Think I'm having a bit of a sadness spike. Getting all teary-eyed over nothing in particular. Maybe the book I've been reading?   
It's kind of heavy stuff, I guess, but I think the real rub is that I look at these folks whose lowest points I'm reading about and it still seems, to me, that they're doing a helluva lot better than I am. I can't help it. Can't coerce myself into thinking otherwise.   
Anyway, ahem, I reckon I'm gonna go make some refried bean burritos.   



Not a single minute of my life has been normal
How the hell can you tell? I'd like to see a nice set measure for what a "normal" life even is, 'cause as far as I can tell that word holds next-to-no meaning in this context. Are your problems not normal? Are mine? I'm told there are millions out there suffering as I do, but I'm not sure where they hide themselves.   
Perhaps they all find themselves in similar situations, laying low in their mother's house stuck in some nasty country town where it's too hot to relax and too threatening to go outside, and they're distracting themselves with books and booze and Netflix specials from the endless barrage of negative, self-defeating thoughts that are just about all they can think these days, hating the world and hating themselves for their place in it.   
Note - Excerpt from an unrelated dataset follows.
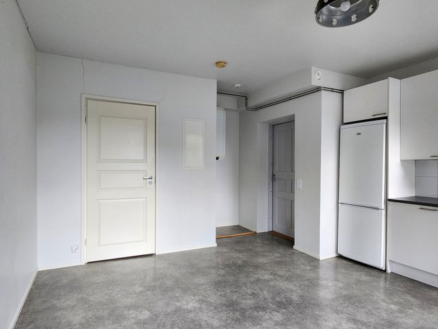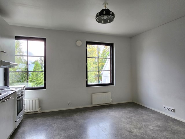 Asunto sijaitsee talon ylimmässä kerroksessa, ja sen ikkunat tuovat runsaasti luonnonvaloa sisään. Keittiö on varustettu käytännöllisesti jääkaappi-pakastimella ja uunilla, ja myös paikka ja liitäntä löytyy pyykinpesukoneelle.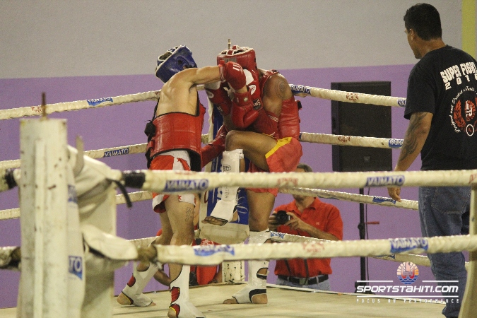 L’autre affrontement intéressant mettait en scène Henere Poroi du Tini TB face au boxeur professionnel Tinitua Neagle qui représentait le club Tamarii Muay Thaï. Le poulain de Roland Tiapoi a fait preuve d’une audace à toute épreuve face aux qualités pugilistiques de Tinitua grâce à des séries de « low-kicks » pour ensuite chercher le K.O. avec un hight kick mais l’expérience et la garde haute de Tinitua ont su déjouer la stratégie de son adversaire.

Aw hell, I'm ranting and I'm not even sure what about. I'm not even drunk yet, honest!   
The above seems cringe as hell, though. Not sure why I typed all that nonsense. Believe me when I say it takes considerable willpower not to delete all or most of it, or even leave this whole dang post un-posted. But I won't, because I'm pretty sure there was something in what I was trying to say that actually made sense? Hope so.   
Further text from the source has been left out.